### Task directions
Could you retype the lines below, starting at the line holding "A Christmas wreath, greens" and stopping at the line holding "游戏初期首要目标是将任务中心", inclusive? Copy them exactly and drop the images.

═══ Data to examine

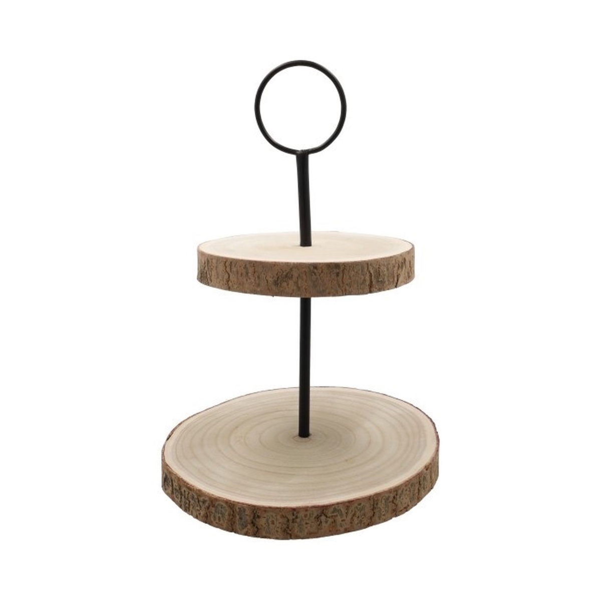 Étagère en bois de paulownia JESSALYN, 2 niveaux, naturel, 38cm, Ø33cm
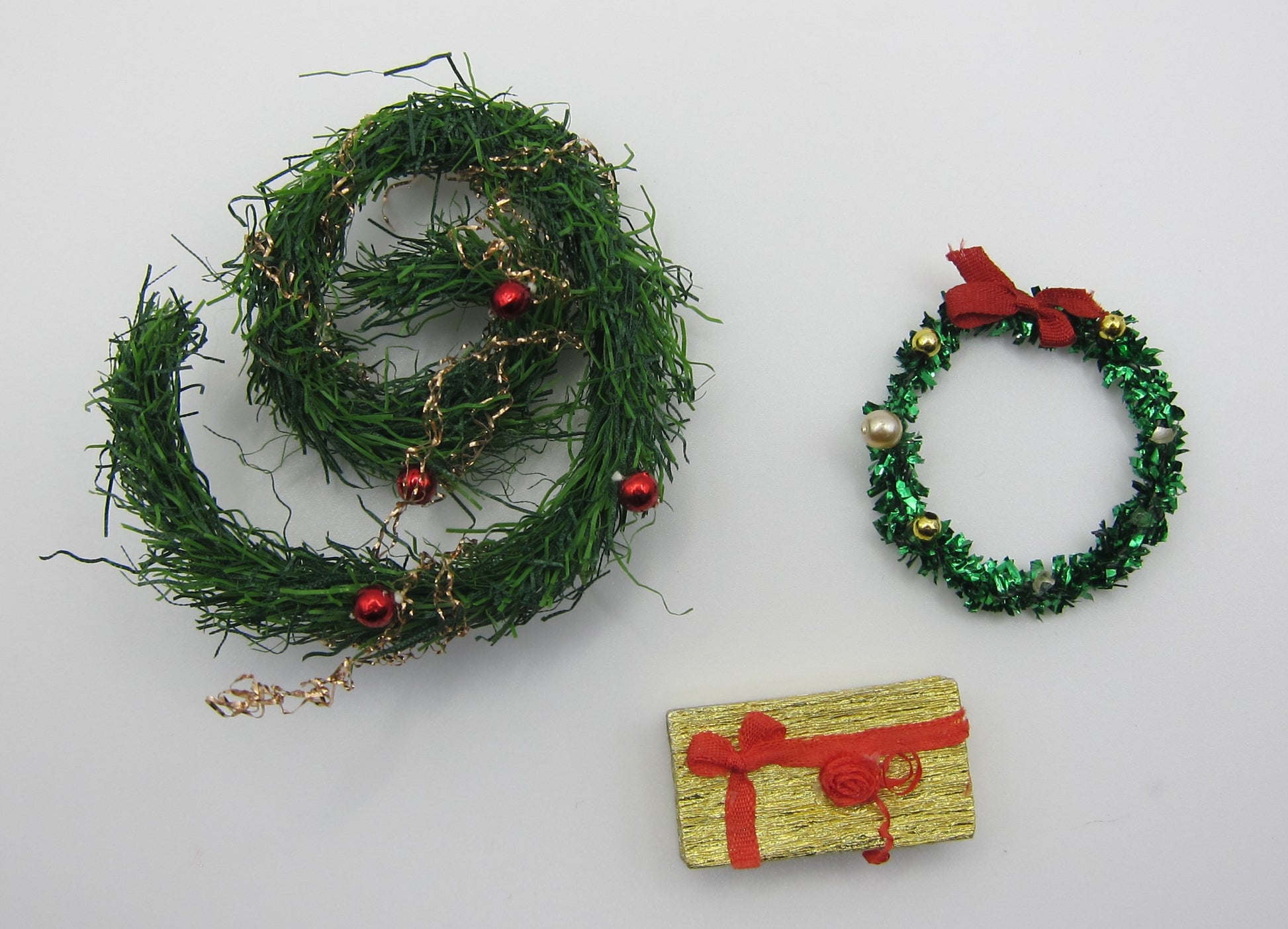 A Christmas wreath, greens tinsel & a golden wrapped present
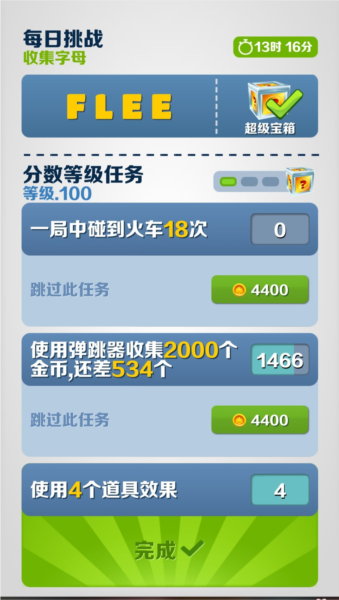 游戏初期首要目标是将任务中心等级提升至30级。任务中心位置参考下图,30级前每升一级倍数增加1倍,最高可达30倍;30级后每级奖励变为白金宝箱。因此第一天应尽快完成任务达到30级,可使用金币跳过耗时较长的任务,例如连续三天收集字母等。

══════
═══ Data to examine

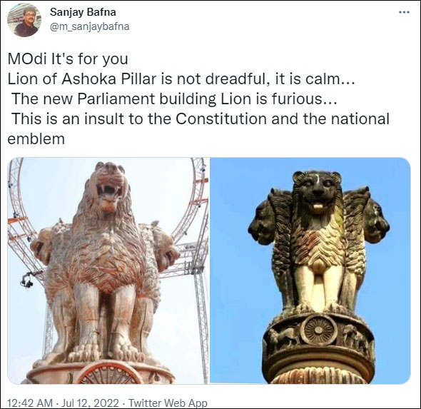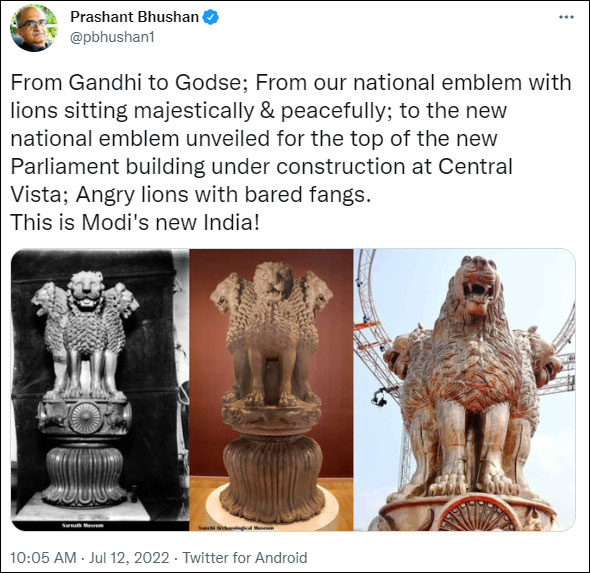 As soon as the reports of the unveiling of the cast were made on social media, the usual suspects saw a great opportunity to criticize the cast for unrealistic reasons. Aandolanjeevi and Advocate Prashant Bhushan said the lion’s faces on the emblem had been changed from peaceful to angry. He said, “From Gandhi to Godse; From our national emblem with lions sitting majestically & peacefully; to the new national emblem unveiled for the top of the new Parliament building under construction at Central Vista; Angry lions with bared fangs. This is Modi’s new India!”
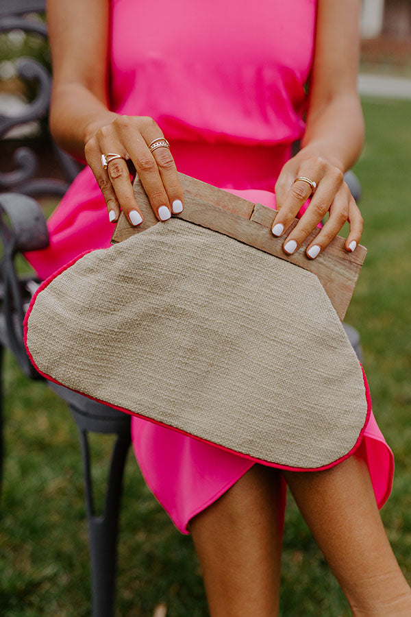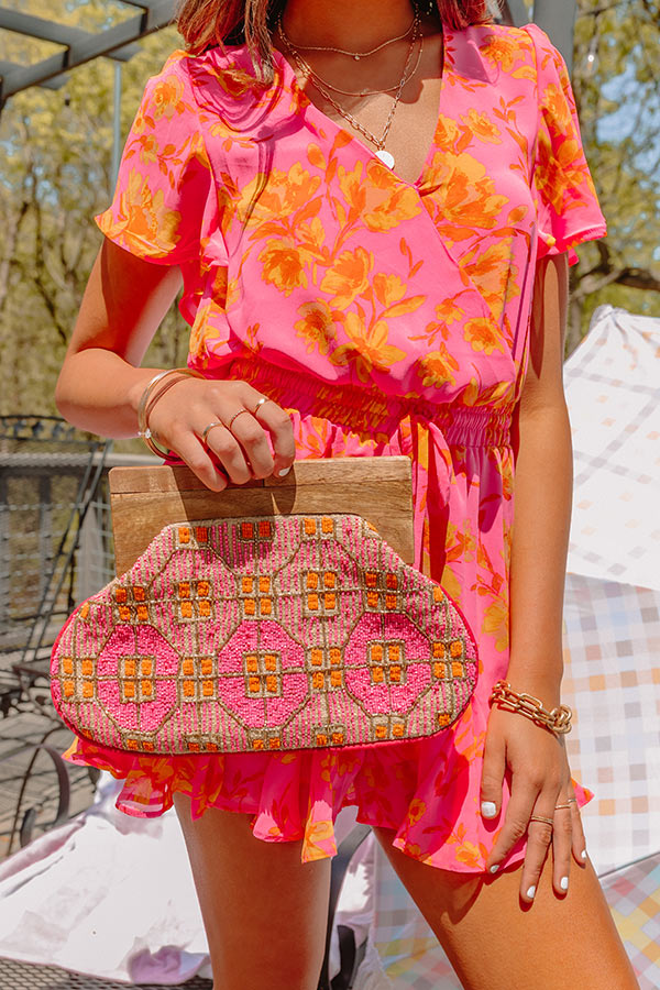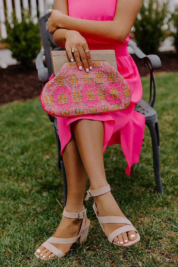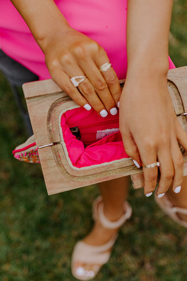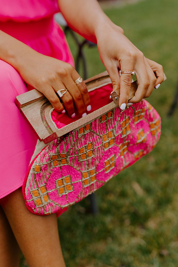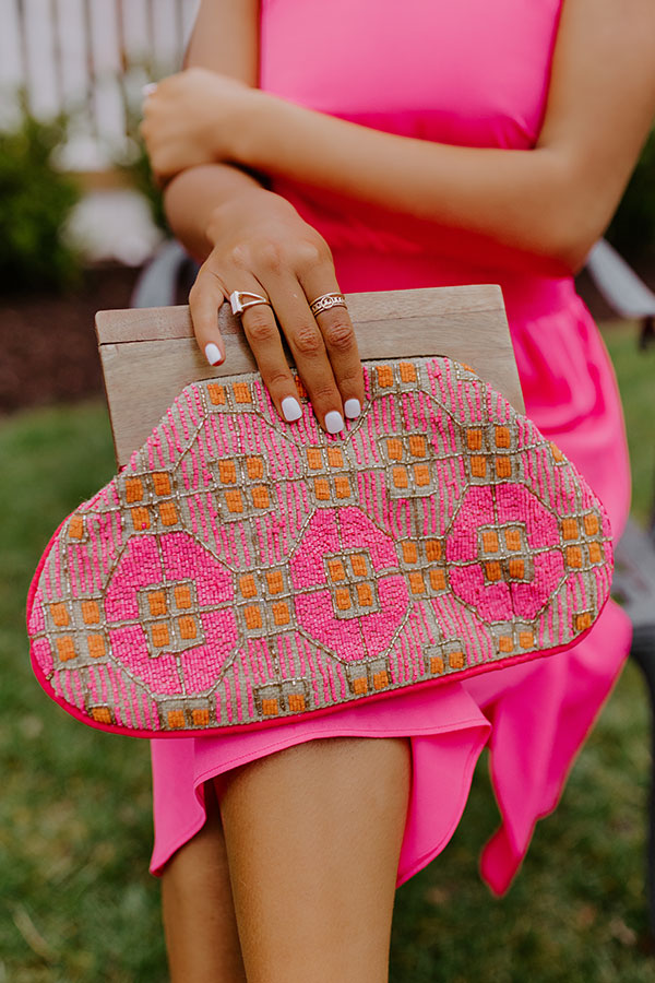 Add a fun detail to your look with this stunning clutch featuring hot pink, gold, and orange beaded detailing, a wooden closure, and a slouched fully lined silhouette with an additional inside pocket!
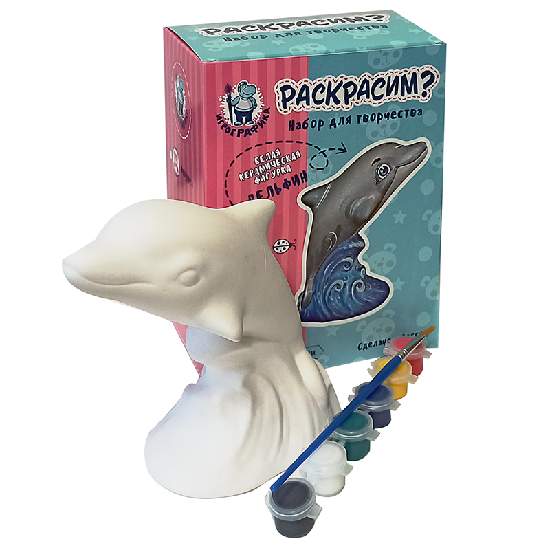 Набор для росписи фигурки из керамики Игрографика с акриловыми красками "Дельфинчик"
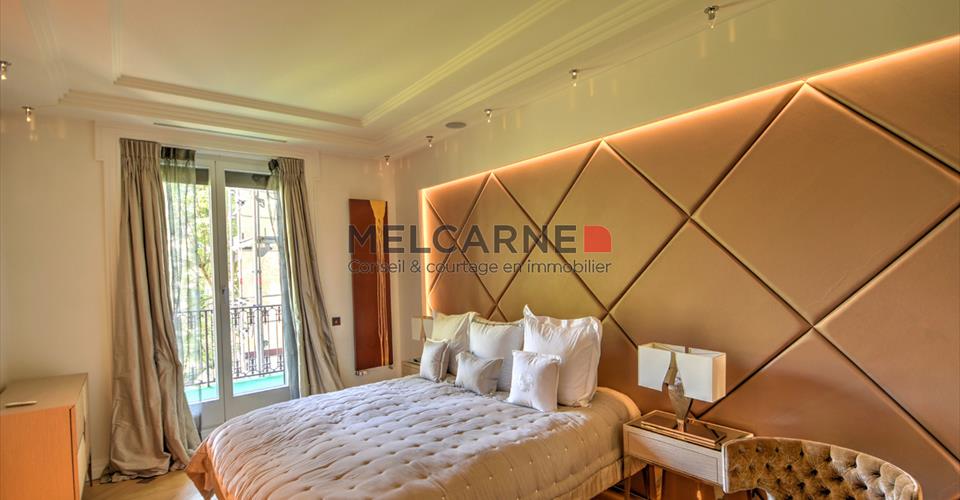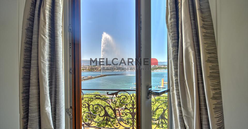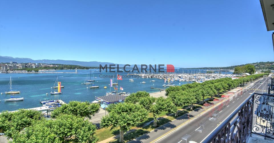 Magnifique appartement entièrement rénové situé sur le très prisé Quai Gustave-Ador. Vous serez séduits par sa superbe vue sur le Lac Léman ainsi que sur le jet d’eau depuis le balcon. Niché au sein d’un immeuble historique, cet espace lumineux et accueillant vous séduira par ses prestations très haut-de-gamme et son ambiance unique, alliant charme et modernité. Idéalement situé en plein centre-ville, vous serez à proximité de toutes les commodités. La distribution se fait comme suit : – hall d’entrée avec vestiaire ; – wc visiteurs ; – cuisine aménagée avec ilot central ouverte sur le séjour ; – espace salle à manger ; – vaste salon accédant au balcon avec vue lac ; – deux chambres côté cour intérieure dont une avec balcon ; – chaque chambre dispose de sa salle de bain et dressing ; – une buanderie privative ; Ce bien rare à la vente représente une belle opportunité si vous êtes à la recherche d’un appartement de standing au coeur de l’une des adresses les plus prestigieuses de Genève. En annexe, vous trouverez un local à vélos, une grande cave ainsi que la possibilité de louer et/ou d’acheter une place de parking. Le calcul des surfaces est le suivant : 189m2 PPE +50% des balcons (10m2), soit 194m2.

══════

### Problem solution
 A Christmas wreath, greens tinsel & a golden wrapped present
 游戏初期首要目标是将任务中心等级提升至30级。任务中心位置参考下图,30级前每升一级倍数增加1倍,最高可达30倍;30级后每级奖励变为白金宝箱。因此第一天应尽快完成任务达到30级,可使用金币跳过耗时较长的任务,例如连续三天收集字母等。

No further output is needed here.